*** RECORD EXCERPTS Section Begins ***

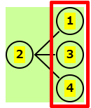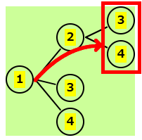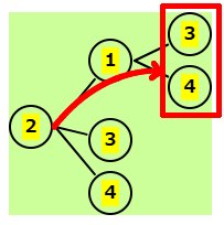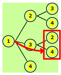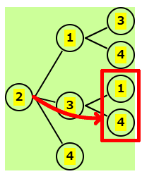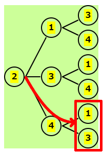 | 残りは、1,3,4 | 2-1の後、残りは 3,4 | 2-3の後、残りは 1,4 | 2-4の後、残りは 1,3 |
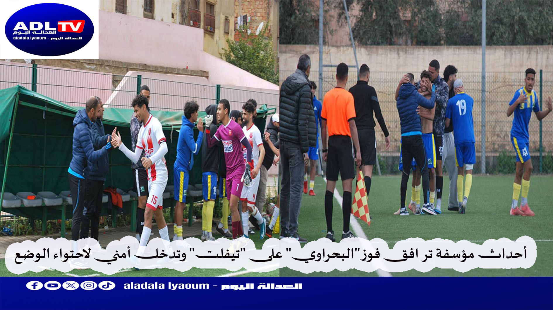 وكان اللقاء الذي جمع الفريقين قد انتهى بفوز الفريق “البحراوي” بثلاثة أهداف مقابل هدفين. على الرغم من تأخره بهدفين دون رد خلال الجولة الأولى. غير أن نهاية المباراة شهدت توترا متصاعدا عقب احتفال أحد لاعبي الفريق الفائز بطريقة وصفت بغير رياضية، ما أثار احتجاج لاعبي الفريق المضيف وعدد من مكوناته.
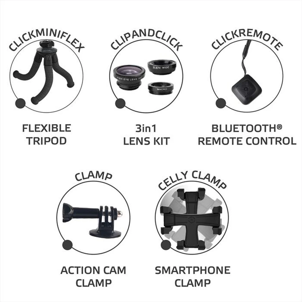 MINIFLEX CLAMP REMOTE LENS KIT – MINIFLEX CLAMP REMOTE LENS KIT Adventurekit di Celly®, immortala i tuoi scatti durante ogni avventura! Adventurekit è il kit di accessori per smartphone e action cam pensati per immortalare ogni istante ovunque tu sia! Il kit comprende 3 accessori: ClickMiniFlex, il mini treppiedi universale per scattare foto e registrare video con qualsiasi angolazione grazie alla testina regolabile. Leggero e flessibile, grazie alle gambe snodabili può essere posizionato su qualsiasi superficie garantendo la massima stabilità ad ogni scatto! Utilizzalo con tutti gli smartphone (adattatore da 55 mm fino a 85 mm incuso) e con tutte le action cam dotate di attacco filettato 1/4″.
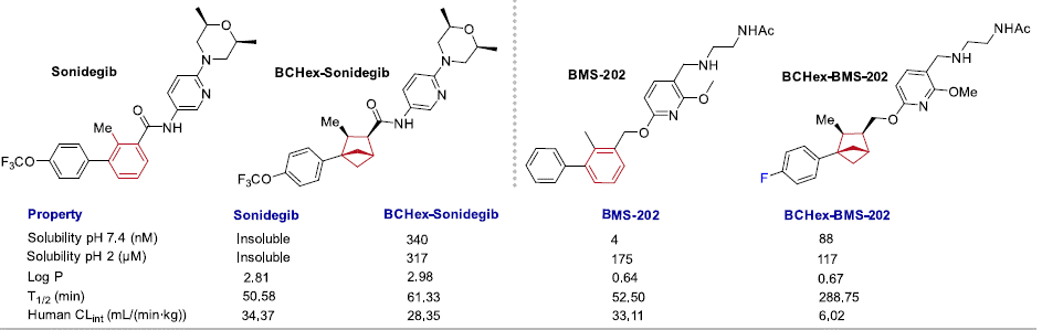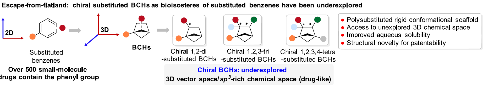 华体会娱乐(中国)网12月13日电 在药物化学研究中,根据“逃离平面”概念,提高sp³杂化碳的比例和手性碳的数目可以增加候选药物分子的复杂性,从而提高其临床成功率;因此三维(3D)、饱和的、桥环类化合物在药物化学中受到广泛关注,其中BCHs能够作为多种不同取代苯基的生物电子等排体;然而,目前手性BCHs的合成方法尚未得到充分研究,且手性BCHs替代生物活性分子(或小分子药物)中的苯环及其生物活性研究还未见文献报道(图1)。
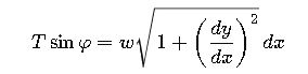 The weight of the segment is w ds, where w is the weight per unit length. In equilibrium, the vertical component of the tension balances the weight:

*** RECORD EXCERPTS Section Ends ***

* **WHAT IS EXPECTED**
Keep every word of the records and none of the pictures when you print them again.

* **TASK SOLUTION**
 | 残りは、1,3,4 | 2-1の後、残りは 3,4 | 2-3の後、残りは 1,4 | 2-4の後、残りは 1,3 |
 وكان اللقاء الذي جمع الفريقين قد انتهى بفوز الفريق “البحراوي” بثلاثة أهداف مقابل هدفين. على الرغم من تأخره بهدفين دون رد خلال الجولة الأولى. غير أن نهاية المباراة شهدت توترا متصاعدا عقب احتفال أحد لاعبي الفريق الفائز بطريقة وصفت بغير رياضية، ما أثار احتجاج لاعبي الفريق المضيف وعدد من مكوناته.
 MINIFLEX CLAMP REMOTE LENS KIT – MINIFLEX CLAMP REMOTE LENS KIT Adventurekit di Celly®, immortala i tuoi scatti durante ogni avventura! Adventurekit è il kit di accessori per smartphone e action cam pensati per immortalare ogni istante ovunque tu sia! Il kit comprende 3 accessori: ClickMiniFlex, il mini treppiedi universale per scattare foto e registrare video con qualsiasi angolazione grazie alla testina regolabile. Leggero e flessibile, grazie alle gambe snodabili può essere posizionato su qualsiasi superficie garantendo la massima stabilità ad ogni scatto! Utilizzalo con tutti gli smartphone (adattatore da 55 mm fino a 85 mm incuso) e con tutte le action cam dotate di attacco filettato 1/4″.
 华体会娱乐(中国)网12月13日电 在药物化学研究中,根据“逃离平面”概念,提高sp³杂化碳的比例和手性碳的数目可以增加候选药物分子的复杂性,从而提高其临床成功率;因此三维(3D)、饱和的、桥环类化合物在药物化学中受到广泛关注,其中BCHs能够作为多种不同取代苯基的生物电子等排体;然而,目前手性BCHs的合成方法尚未得到充分研究,且手性BCHs替代生物活性分子(或小分子药物)中的苯环及其生物活性研究还未见文献报道(图1)。
 The weight of the segment is w ds, where w is the weight per unit length. In equilibrium, the vertical component of the tension balances the weight:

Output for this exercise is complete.